Morocco hosted Troy, while a Greek cave was used for the Cyclops.
Icelandic black sands were associated with Hades, and Favignana near Sicily stood in for Ithaca.
A real Draken-type vessel was modified for the production.
These details describe how the film was made; on their own, they do not reconstruct the final cut.
What the report allows us to establish
In its July 9 production report, AP follows the film's production and describes several location and logistical choices. The six-country figure covers the whole shoot; the four places below are those the article clearly connects to moments in the story.
That distinction matters. A filming location is not always the place named on screen, and its use during production tells us neither how long a scene will last nor what the edit will keep.

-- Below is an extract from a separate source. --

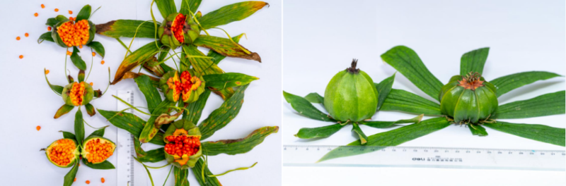 種苗移栽5年鮮藥材產(chǎn)量1500千克/畝,重樓總皂苷超1.5%。7年生(成熟可采挖)植株平均高1.6米,根狀莖易萌生不定芽,葉倒卵形,先端急尖;果實(shí)扁球形,外種皮紅色?;ü跒?月下旬至9月下旬,種子成熟期為10月下旬至11月上旬,倒苗期為12月上旬。

Four landscapes, four functions
Building Troy
AP reports that Troy was constructed in Morocco. This is a production fact, not yet a reliable indication of how long the Trojan opening will last or where it will sit in the narrative.
Entering the Cyclops' cave
A Greek cave was used for the Cyclops sequence. The natural setting brings the film close to Mediterranean rock and scale without revealing how Polyphemus will ultimately appear on screen.
Giving Hades a physical texture
The report connects Iceland's black sands with Hades. They may suggest a visual threshold between the living and the dead; that is an editorial reading, kept separate from the filming fact reported by AP.
Bringing Ithaca into view
Favignana, an island west of Sicily, stood in for Ithaca. It is therefore a substitute location and should not be confused with the Greek island of Ithaca or treated as a certain map of Homer's poem.
A real vessel, reshaped for cinema
AP also describes a real Draken-type vessel modified for the production. It gave the performers and cameras an object with weight, a working deck and physical constraints. It does not, however, establish which passages were completed at sea or how much visual-effects work may shape the finished images.
A production geography, not yet the geography of the edit
The complete map remains open until release and fuller production information. For now, the clearest approach is to preserve three levels: what AP reports, what the settings suggest, and what the finished film actually shows. The first is documented; the other two still require patience.